#### [PROVIDED DATA]
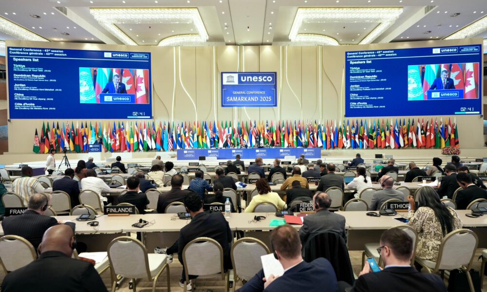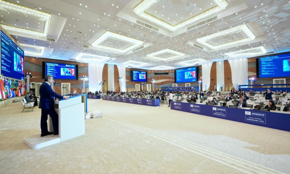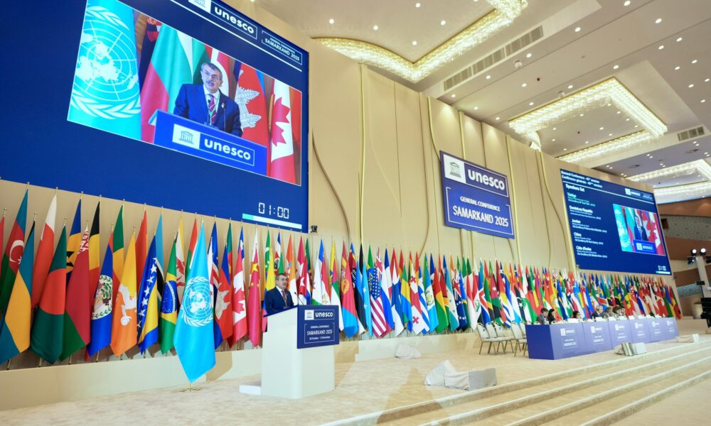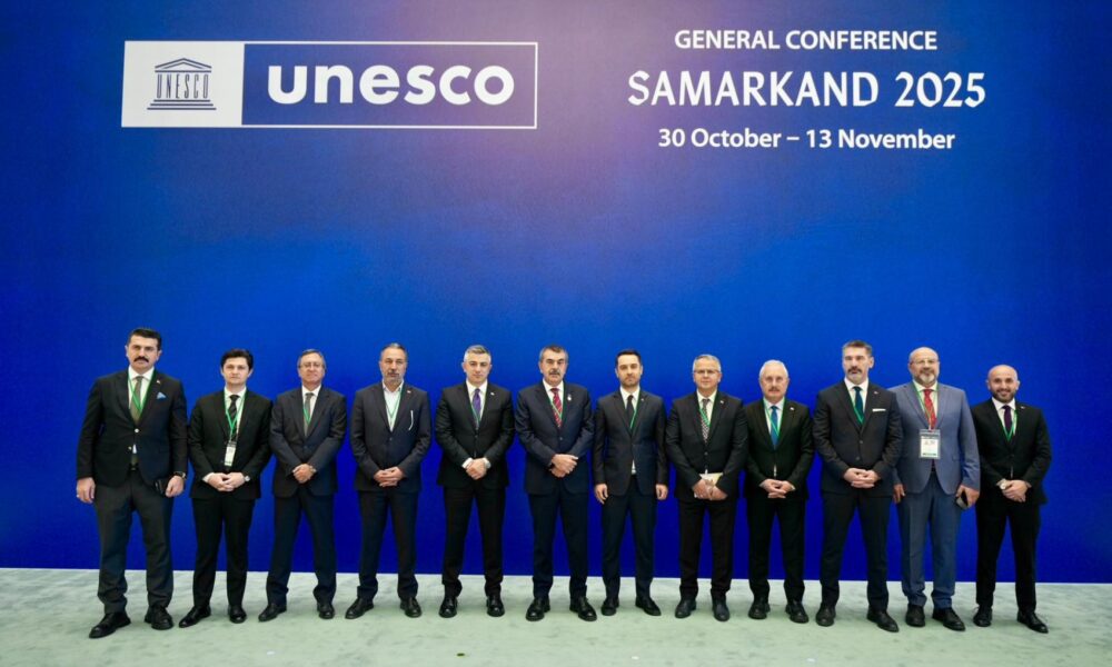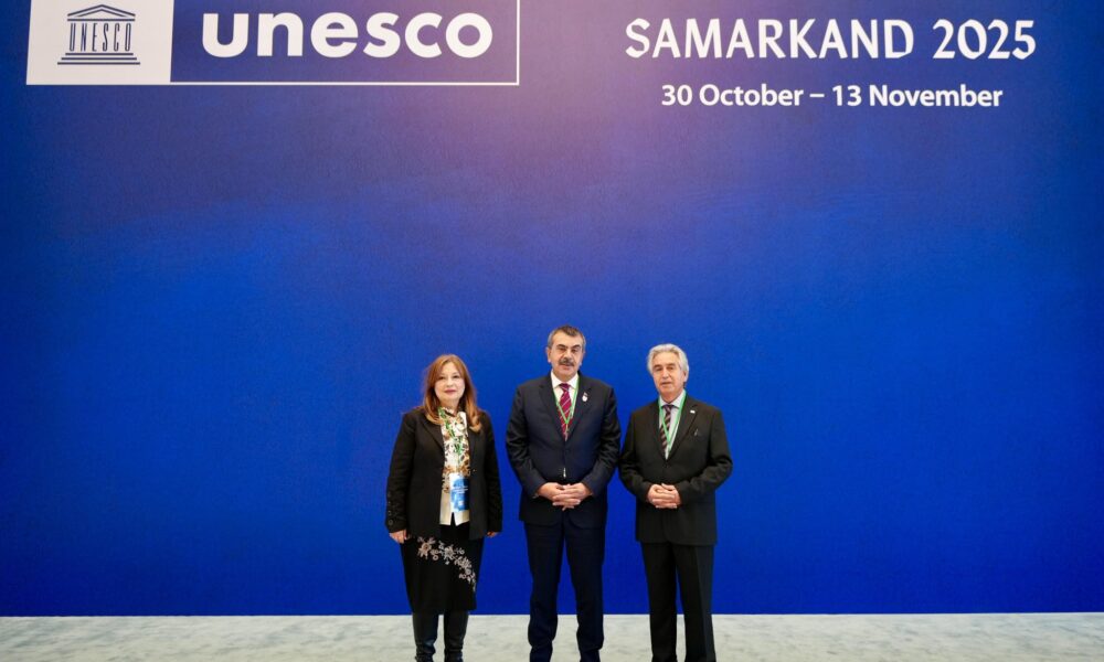 Milli Eğitim Bakanı Yusuf Tekin, Özbekistanın Semerkant şehrinde devam eden UNESCO 43’üncü Genel Konferansı Sabah Oturumu Genel Politika Görüşmeleri kapsamında Ulusal Beyan konuşması yaptı. “UNESCOnun 80’inci yılında, uzun bir aradan sonra ilk kez Paris dışında Türkistanın kalbi, kardeş Özbekistanın kadim kentlerinden Semerkantta sizlere hitap etmekten onur ve mutluluk duyuyorum” sözleriyle konuşmasına başlayan Tekin, UNESCO Genel Direktörlüğü görevine seçilen Prof. Halid el-Enaniyi kutladı. Tekin, adaylığının ilk gününden itibaren destek verdikleri Enaninin her zaman yanında olacaklarını söyleyerek, “Sayın Enaninin hepimizin desteğiyle UNESCOnun mevcut yapısal sorunlarını ivedilikle çözeceğine inanıyoruz. Aynı şekilde, UNESCO Genel Konferans Başkanlığı görevine seçilen Sayın Hondker Muhammed Talhayı da tebrik eder, başarılı olmasını temenni ederim” ifadelerini kullandı.
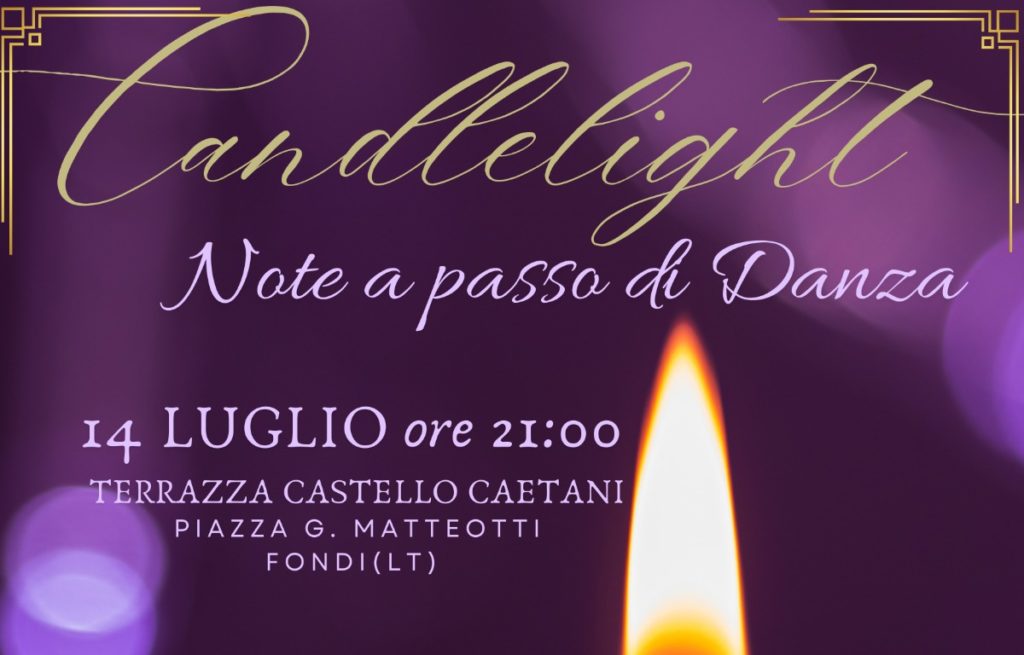 FONDI – Domenica 14 luglio, a partire dalle 21, nello splendido scenario della terrazza del Castello Caetani a Fondi, si svolgerà l’evento ”Candlelight – Note a passo di Danza”. Organizzato dall’associazione culturale “Musicinecultura“, l’evento, alla sua prima edizione, coinvolgerà le arti della musica e della danza in un’armonica fusione che emozionerà il pubblico presente. L’appuntamento si aprirà con il benvenuto da parte di Fabiola Lauretti, presidente dell’Associazione culturale Musicinecultura che esporrà il lavoro dell’associazione. Dopo i saluti istituzionali ed una brevissima presentazione degli artisti, si inizierà con l’esecuzione delle melodie da parte del pianista Antonio Di Costanzo dell’Associazione Largo alla Musica.
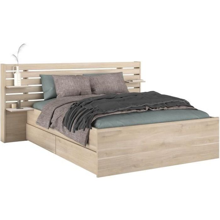 Le Lit 140x190/200 cm avec rangements est une solution pratique et élégante pour optimiser l'espace dans votre chambre. Fabriqué en France, ce lit est conçu avec une structure en panneaux de particules d'une épaisseur de 15 mm et une finition en papier décor imitation chêne, facile à entretenir avec un simple chiffon doux.
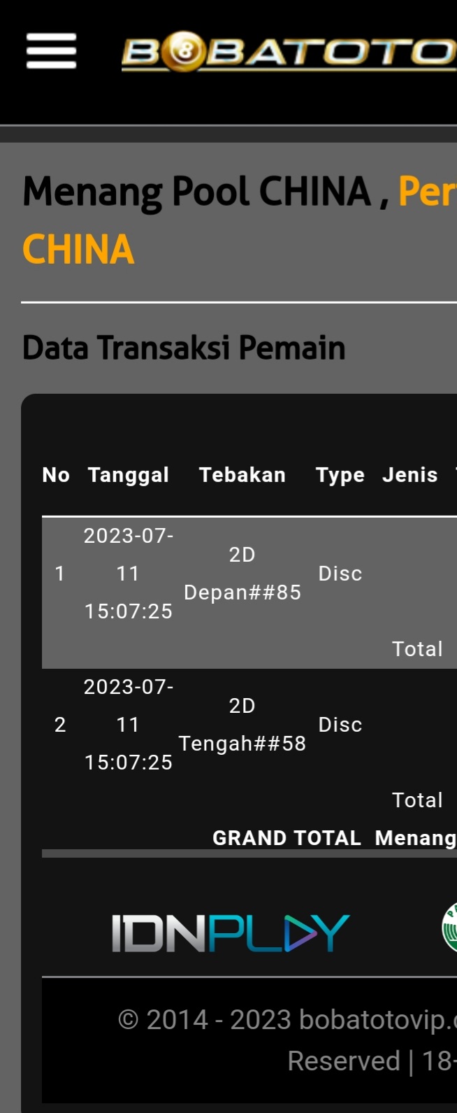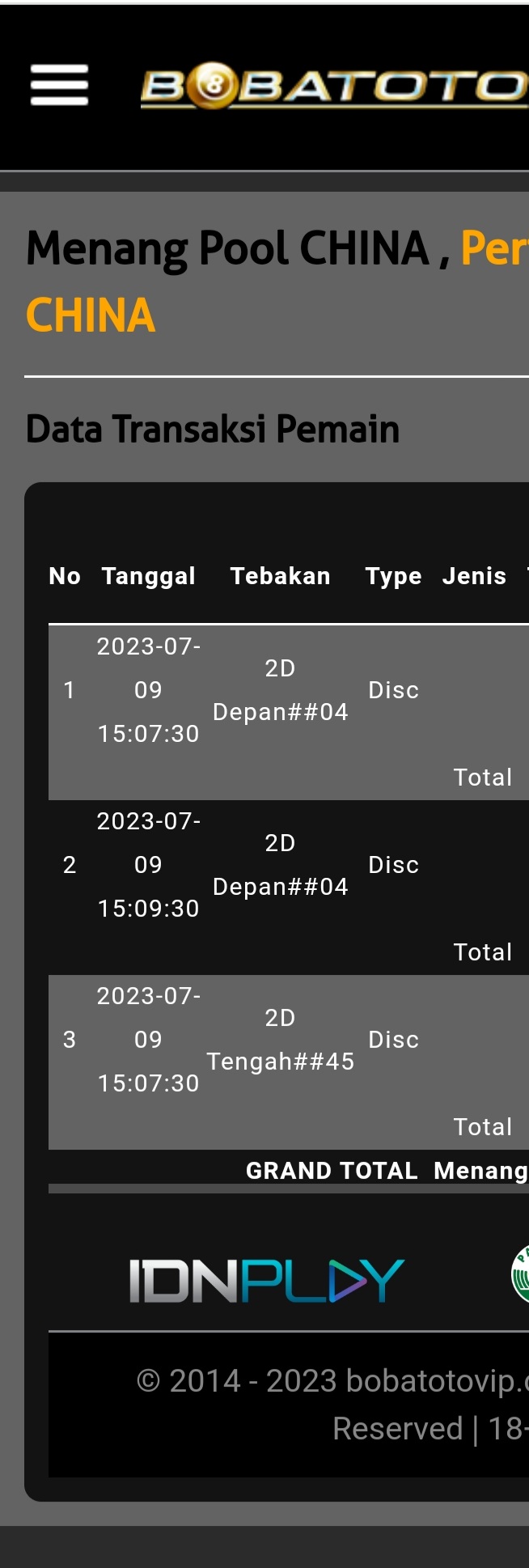 Selamat Bergabung kembali Master Togeller dalam room MASTER CHINAPOOLS.

#### [YOUR GOAL]
The whole listing should be transcribed exactly, though its pictures must be left out.

#### [RESULT OF THE TASK]
 Milli Eğitim Bakanı Yusuf Tekin, Özbekistanın Semerkant şehrinde devam eden UNESCO 43’üncü Genel Konferansı Sabah Oturumu Genel Politika Görüşmeleri kapsamında Ulusal Beyan konuşması yaptı. “UNESCOnun 80’inci yılında, uzun bir aradan sonra ilk kez Paris dışında Türkistanın kalbi, kardeş Özbekistanın kadim kentlerinden Semerkantta sizlere hitap etmekten onur ve mutluluk duyuyorum” sözleriyle konuşmasına başlayan Tekin, UNESCO Genel Direktörlüğü görevine seçilen Prof. Halid el-Enaniyi kutladı. Tekin, adaylığının ilk gününden itibaren destek verdikleri Enaninin her zaman yanında olacaklarını söyleyerek, “Sayın Enaninin hepimizin desteğiyle UNESCOnun mevcut yapısal sorunlarını ivedilikle çözeceğine inanıyoruz. Aynı şekilde, UNESCO Genel Konferans Başkanlığı görevine seçilen Sayın Hondker Muhammed Talhayı da tebrik eder, başarılı olmasını temenni ederim” ifadelerini kullandı.
 FONDI – Domenica 14 luglio, a partire dalle 21, nello splendido scenario della terrazza del Castello Caetani a Fondi, si svolgerà l’evento ”Candlelight – Note a passo di Danza”. Organizzato dall’associazione culturale “Musicinecultura“, l’evento, alla sua prima edizione, coinvolgerà le arti della musica e della danza in un’armonica fusione che emozionerà il pubblico presente. L’appuntamento si aprirà con il benvenuto da parte di Fabiola Lauretti, presidente dell’Associazione culturale Musicinecultura che esporrà il lavoro dell’associazione. Dopo i saluti istituzionali ed una brevissima presentazione degli artisti, si inizierà con l’esecuzione delle melodie da parte del pianista Antonio Di Costanzo dell’Associazione Largo alla Musica.
 Le Lit 140x190/200 cm avec rangements est une solution pratique et élégante pour optimiser l'espace dans votre chambre. Fabriqué en France, ce lit est conçu avec une structure en panneaux de particules d'une épaisseur de 15 mm et une finition en papier décor imitation chêne, facile à entretenir avec un simple chiffon doux.
 Selamat Bergabung kembali Master Togeller dalam room MASTER CHINAPOOLS.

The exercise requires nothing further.